- Opening Delimiter -

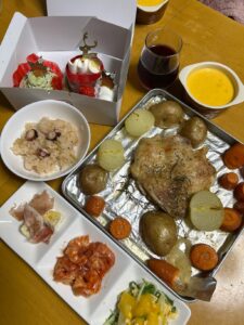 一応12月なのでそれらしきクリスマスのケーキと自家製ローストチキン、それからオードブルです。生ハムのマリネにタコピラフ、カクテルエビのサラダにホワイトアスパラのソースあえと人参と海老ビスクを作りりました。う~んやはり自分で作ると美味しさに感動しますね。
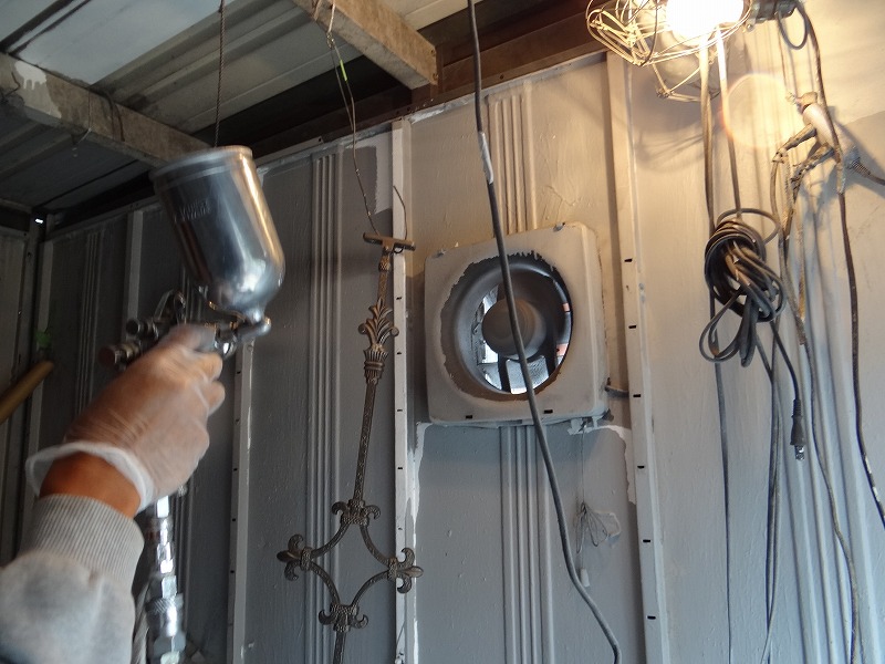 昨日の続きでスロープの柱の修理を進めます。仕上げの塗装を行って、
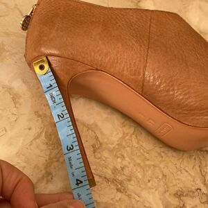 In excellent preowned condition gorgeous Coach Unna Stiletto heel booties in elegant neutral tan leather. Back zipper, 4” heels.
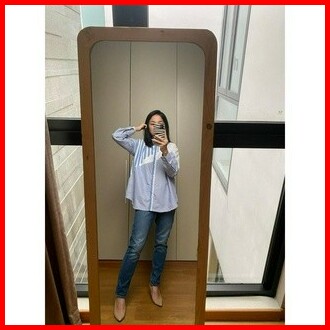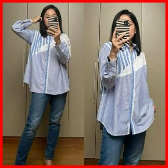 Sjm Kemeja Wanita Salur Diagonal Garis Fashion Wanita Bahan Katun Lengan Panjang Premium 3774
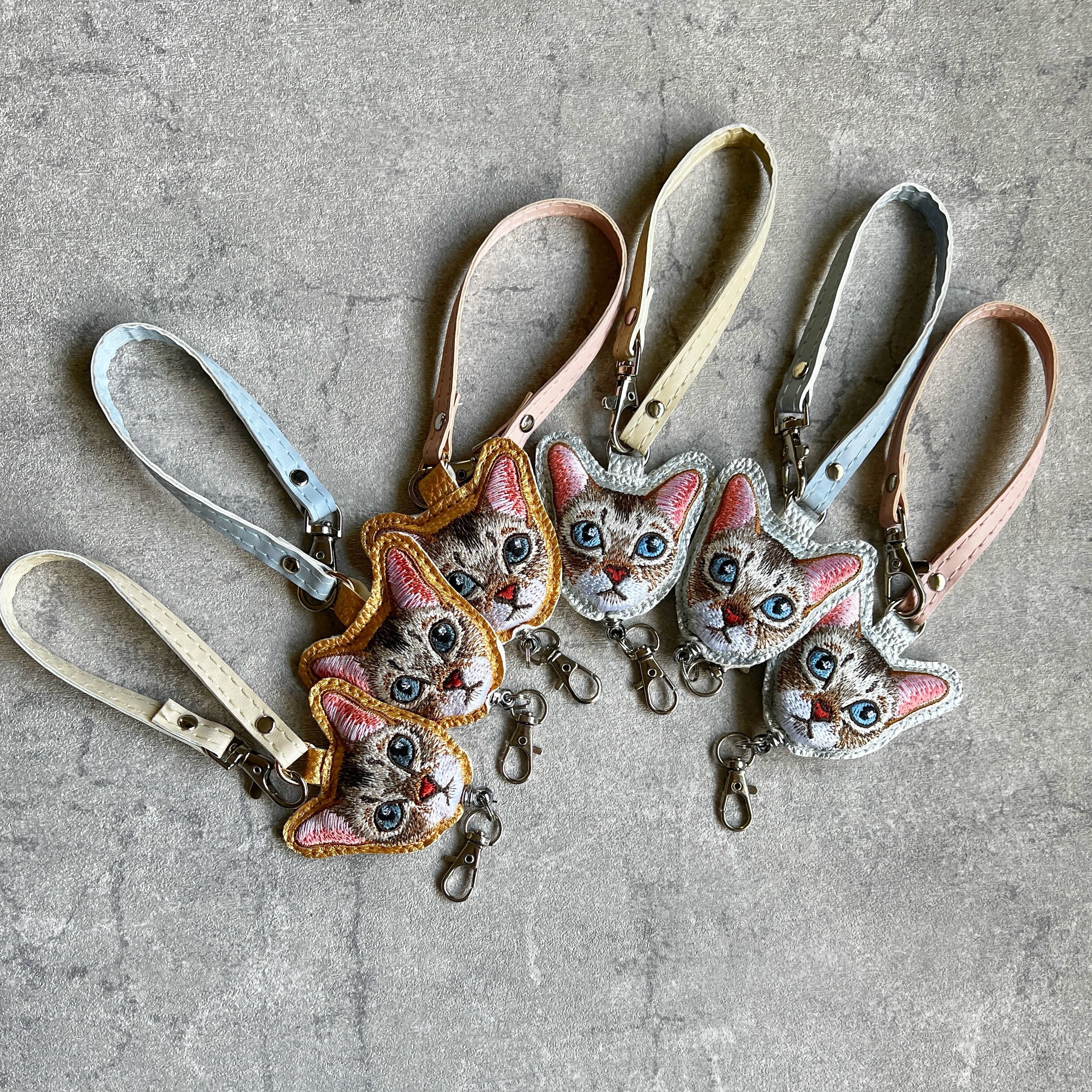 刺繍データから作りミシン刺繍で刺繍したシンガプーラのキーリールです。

- Closing Delimiter -
- Opening Delimiter -

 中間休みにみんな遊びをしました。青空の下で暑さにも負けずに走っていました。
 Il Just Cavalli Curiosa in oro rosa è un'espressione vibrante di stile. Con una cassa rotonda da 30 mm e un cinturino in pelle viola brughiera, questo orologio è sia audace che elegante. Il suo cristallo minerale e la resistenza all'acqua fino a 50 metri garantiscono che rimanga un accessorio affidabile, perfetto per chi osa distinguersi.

- Closing Delimiter -
- Opening Delimiter -

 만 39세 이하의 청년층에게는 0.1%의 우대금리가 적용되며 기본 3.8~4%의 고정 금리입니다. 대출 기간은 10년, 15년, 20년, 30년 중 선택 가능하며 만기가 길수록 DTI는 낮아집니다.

- Closing Delimiter -

# What to do
Would you print exactly the lines in the listing above, from the line bearing "一応12月なのでそれらしきク" through the line bearing "刺繍データから作りミシン刺繍で刺繍したシンガプーラのキーリールです。", leaving out all pictures?

# Response to this task
 一応12月なのでそれらしきクリスマスのケーキと自家製ローストチキン、それからオードブルです。生ハムのマリネにタコピラフ、カクテルエビのサラダにホワイトアスパラのソースあえと人参と海老ビスクを作りりました。う~んやはり自分で作ると美味しさに感動しますね。
 昨日の続きでスロープの柱の修理を進めます。仕上げの塗装を行って、
 In excellent preowned condition gorgeous Coach Unna Stiletto heel booties in elegant neutral tan leather. Back zipper, 4” heels.
 Sjm Kemeja Wanita Salur Diagonal Garis Fashion Wanita Bahan Katun Lengan Panjang Premium 3774
 刺繍データから作りミシン刺繍で刺繍したシンガプーラのキーリールです。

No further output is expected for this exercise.